The strength of our study lies in the large sample of patients prospectively included in the randomised THRACE study, allowing for a robust analysis of predictors of 3-month excellent outcome after IVT alone. The choice of a dichotomous mRS 1 is supported by the need to increasingly refine the prediction of 3-month favourable outcome for patients who benefit from better adapted and more efficient revascularisation strategies. However, some limitations deserve to be mentioned. First, some important data—such as inflammatory and clotting parameters, or previous use of antiplatelet therapy—were not collected. The earliest NIHSS score assessment after treatment was at 24 hours in our study, but studies report that reperfusion, and consequent NIHSS improvement, occurs almost exclusively during the first 2 hours after IVT instauration. However, this estimation can be considered reliable because the patient clinical state was found quite similar between 1 and 24 hours after treatment.27 We merged data from patients mostly examined with MRI and less with CT but took into account qualitative differences between these imaging techniques in the multivariate analysis.

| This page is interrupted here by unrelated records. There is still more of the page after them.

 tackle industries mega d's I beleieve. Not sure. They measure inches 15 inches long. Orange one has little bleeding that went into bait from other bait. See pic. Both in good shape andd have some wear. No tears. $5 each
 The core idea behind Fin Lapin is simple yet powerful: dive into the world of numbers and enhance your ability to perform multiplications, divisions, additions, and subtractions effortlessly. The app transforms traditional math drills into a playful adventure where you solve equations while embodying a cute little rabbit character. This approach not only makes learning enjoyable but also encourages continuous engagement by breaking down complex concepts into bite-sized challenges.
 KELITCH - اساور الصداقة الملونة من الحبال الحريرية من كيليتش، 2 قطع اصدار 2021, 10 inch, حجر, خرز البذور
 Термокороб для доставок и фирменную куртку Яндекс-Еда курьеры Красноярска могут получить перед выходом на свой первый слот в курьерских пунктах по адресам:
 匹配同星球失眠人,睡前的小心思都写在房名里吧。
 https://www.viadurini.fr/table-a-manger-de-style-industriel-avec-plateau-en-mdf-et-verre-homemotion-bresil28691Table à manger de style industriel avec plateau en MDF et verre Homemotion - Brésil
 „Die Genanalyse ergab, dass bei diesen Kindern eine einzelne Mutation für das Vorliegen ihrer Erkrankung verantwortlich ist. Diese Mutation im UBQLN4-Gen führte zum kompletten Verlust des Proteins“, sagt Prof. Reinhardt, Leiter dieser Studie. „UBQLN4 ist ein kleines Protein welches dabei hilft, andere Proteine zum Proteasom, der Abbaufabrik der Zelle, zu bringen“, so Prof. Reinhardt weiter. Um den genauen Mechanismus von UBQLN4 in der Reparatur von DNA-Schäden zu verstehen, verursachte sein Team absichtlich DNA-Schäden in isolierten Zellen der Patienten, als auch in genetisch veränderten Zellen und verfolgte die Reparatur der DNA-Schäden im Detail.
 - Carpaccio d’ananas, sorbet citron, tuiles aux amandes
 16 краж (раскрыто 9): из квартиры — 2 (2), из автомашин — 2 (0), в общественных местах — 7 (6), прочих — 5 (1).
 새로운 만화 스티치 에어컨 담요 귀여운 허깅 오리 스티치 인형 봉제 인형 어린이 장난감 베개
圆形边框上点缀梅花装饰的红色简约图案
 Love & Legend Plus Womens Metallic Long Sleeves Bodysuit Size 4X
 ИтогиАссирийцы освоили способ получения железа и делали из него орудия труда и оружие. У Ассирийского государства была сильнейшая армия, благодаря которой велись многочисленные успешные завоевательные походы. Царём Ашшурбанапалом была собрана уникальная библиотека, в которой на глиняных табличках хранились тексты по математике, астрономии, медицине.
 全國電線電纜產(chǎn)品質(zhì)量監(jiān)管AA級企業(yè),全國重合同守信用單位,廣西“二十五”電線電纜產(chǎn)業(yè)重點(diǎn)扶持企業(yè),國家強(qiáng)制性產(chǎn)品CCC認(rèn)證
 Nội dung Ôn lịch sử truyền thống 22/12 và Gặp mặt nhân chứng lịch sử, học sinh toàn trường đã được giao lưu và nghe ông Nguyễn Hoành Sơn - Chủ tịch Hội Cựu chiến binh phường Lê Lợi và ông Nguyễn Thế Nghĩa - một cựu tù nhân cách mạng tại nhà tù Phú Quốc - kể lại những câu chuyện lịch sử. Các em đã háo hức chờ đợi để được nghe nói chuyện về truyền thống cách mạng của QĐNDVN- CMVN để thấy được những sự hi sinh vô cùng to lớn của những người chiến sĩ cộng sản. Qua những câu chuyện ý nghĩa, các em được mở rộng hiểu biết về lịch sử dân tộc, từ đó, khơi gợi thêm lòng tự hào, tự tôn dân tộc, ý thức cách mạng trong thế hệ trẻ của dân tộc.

Predicting the benefit of IVT for patients with LVO to achieve optimal reperfusion remains of high interest. This issue seems different following admission centre. For patients with LVO admitted in a centre without MT capability, IVT represents the first-line treatment in reperfusion strategy. Clinical and radiological criteria associated with optimal response to IVT allow identifying a patient subgroup with high probability to achieve reperfusion during transfer, before planned MT. They can be considered as arguments to help practitioners in decision-making to implement IVT in patients with initial contraindications, nowadays highly debated as elderly, medical history of cerebral haemorrhage, and demonstrated penumbra beyond the time window of 4.5 hours.4 For patients with LVO admitted in MT capable centres, bridging therapy (including IVT and MT) remains the gold standard. But, relevance of IVT is questioned following recent results from DIRECT-MT (Direct Intraarterial Thrombectomy in Order to Revascularize Acute Ischemic Stroke Patients with Large Vessel Occlusion Efficiently in Chinese Tertiary Hospitals) and DEVT (Effect of Endovascular Treatment Alone vs Intravenous Alteplase Plus Endovascular Treatment on Functional Independence in Patients With Acute Ischemic Stroke) trials suggesting MT alone was not non-inferior to bridging therapy.28 29 However for patients who received IVT in DIRECT-MT, higher frequency of cerebral reperfusion was observed, despite high median OTT. More, non-inferiority was not confirmed by the SKIP trial.30 Finally, knowledge about factors predicting cerebral reperfusion achievement or failure after IVT could guide research towards new therapeutic strategies. Clinical improvement with reduction of haemorrhagic risk have been reported with alteplase doses lower than the 0.9 mg/kg standard dose, suggesting possible dosage adjustment following patient and stroke characteristics.31 On the contrary, subgroup of patients with low probability of reperfusion could be candidate to alternative or additional thrombolytics to alteplase. In this way, the EXTEND-IA TNK (Tenecteplase versus Alteplase before Endovascular Therapy for Ischemic Stroke) trial observed a higher rate of reperfusion in patients with LVO after infusion with tenecteplase than alteplase before MT.32 Safety of glenzocimab, in addition to alteplase at the acute phase of cerebral infarction, is currently assessed.33

Conclusions

Predictors of success with IVT alone in LVO stroke are no medical history of hypertension, no current smoking, reduced OTT, small DWI volume, presence of SVS and short SVS length. These predictors may contribute to identifying patients with high probability to achieve optimal cerebral reperfusion after IVT, and help decision-making in therapeutic strategy. This hypothesis and inherent 3-month excellent outcome can strongly be anticipated by early and significant improvement of the NIHSS score.